- **Task requirements**
Restate word for word the lines below from the one that has "河北唐縣公安局特巡警大隊隊員準備出外勤(1月21日攝)。" through the one that has "Quốc hội. |", keeping both and dropping all pictures.

- **Data shown**

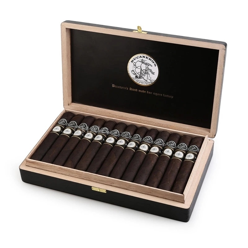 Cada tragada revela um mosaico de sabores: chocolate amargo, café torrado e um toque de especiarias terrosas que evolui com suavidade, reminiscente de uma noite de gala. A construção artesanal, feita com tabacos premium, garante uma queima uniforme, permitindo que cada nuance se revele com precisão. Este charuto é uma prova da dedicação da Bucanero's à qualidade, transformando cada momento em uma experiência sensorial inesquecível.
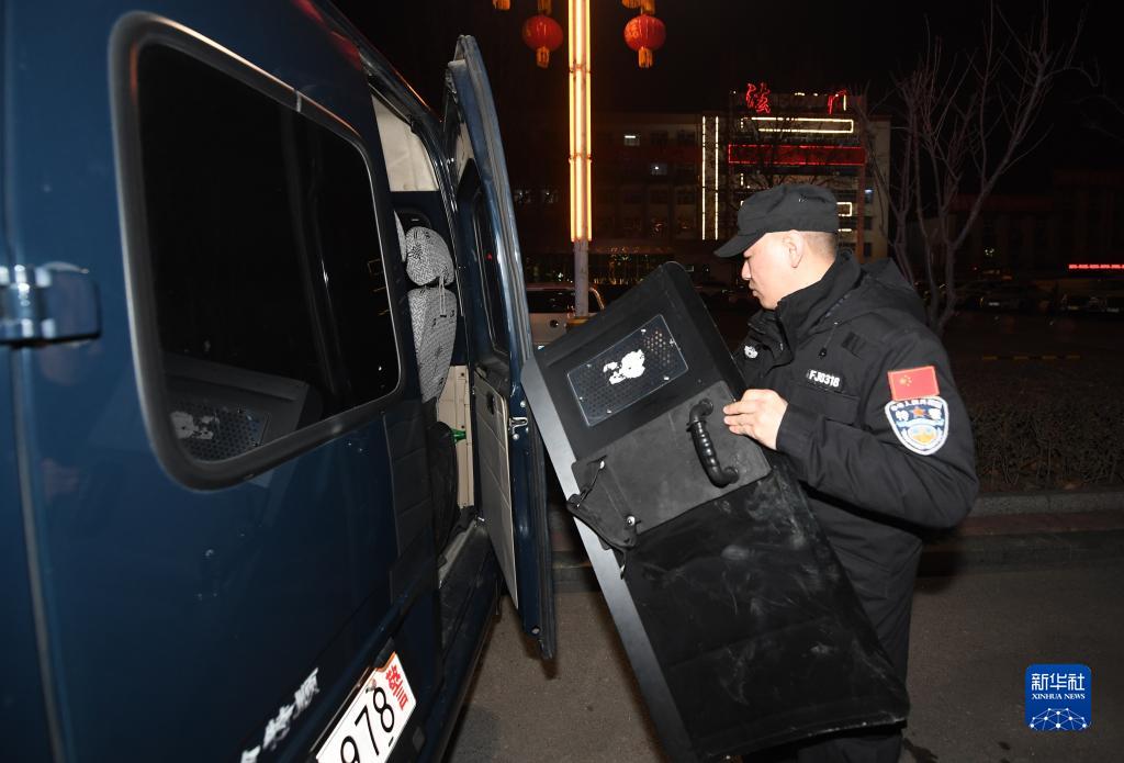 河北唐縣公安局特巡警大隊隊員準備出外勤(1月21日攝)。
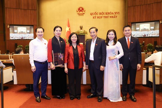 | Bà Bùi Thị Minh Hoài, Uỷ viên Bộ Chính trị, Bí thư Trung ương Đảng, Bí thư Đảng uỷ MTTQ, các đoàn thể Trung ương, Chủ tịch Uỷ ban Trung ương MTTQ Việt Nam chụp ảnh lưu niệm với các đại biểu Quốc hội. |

==

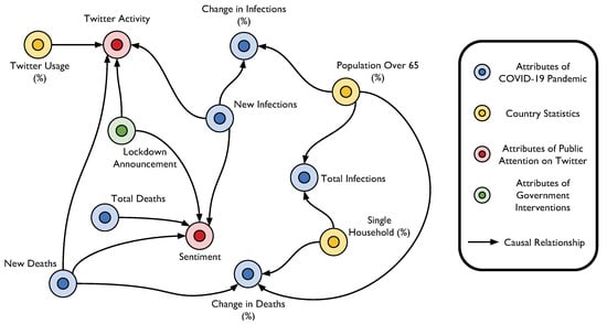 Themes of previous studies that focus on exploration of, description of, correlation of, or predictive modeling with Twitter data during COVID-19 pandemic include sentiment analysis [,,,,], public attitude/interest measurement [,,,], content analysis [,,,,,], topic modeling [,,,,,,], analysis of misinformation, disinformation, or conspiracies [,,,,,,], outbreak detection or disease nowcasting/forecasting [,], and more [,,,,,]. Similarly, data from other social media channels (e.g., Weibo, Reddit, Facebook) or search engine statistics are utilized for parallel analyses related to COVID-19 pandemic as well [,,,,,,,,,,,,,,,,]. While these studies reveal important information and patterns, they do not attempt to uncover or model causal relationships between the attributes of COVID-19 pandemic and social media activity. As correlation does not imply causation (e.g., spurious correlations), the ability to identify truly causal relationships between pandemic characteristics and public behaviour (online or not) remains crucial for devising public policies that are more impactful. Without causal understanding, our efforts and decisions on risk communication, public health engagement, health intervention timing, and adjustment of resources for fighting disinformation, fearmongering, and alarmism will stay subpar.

==

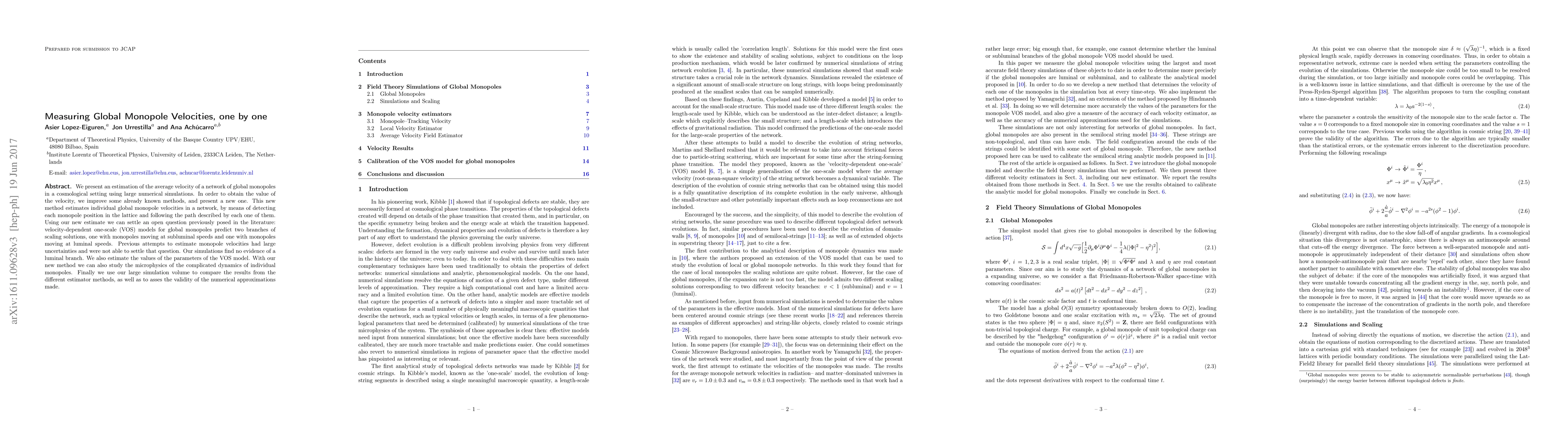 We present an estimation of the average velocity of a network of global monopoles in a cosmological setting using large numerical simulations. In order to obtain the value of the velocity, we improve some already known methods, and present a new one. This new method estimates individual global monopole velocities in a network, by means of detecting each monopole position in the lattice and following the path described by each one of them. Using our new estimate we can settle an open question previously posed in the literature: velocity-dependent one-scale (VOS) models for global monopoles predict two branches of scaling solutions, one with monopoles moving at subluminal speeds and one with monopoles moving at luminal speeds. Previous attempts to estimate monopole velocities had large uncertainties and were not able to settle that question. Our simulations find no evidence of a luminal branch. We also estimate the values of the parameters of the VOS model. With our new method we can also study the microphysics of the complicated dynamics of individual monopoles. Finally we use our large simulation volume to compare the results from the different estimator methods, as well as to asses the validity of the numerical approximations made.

- **Exercise solution**
 河北唐縣公安局特巡警大隊隊員準備出外勤(1月21日攝)。
 | Bà Bùi Thị Minh Hoài, Uỷ viên Bộ Chính trị, Bí thư Trung ương Đảng, Bí thư Đảng uỷ MTTQ, các đoàn thể Trung ương, Chủ tịch Uỷ ban Trung ương MTTQ Việt Nam chụp ảnh lưu niệm với các đại biểu Quốc hội. |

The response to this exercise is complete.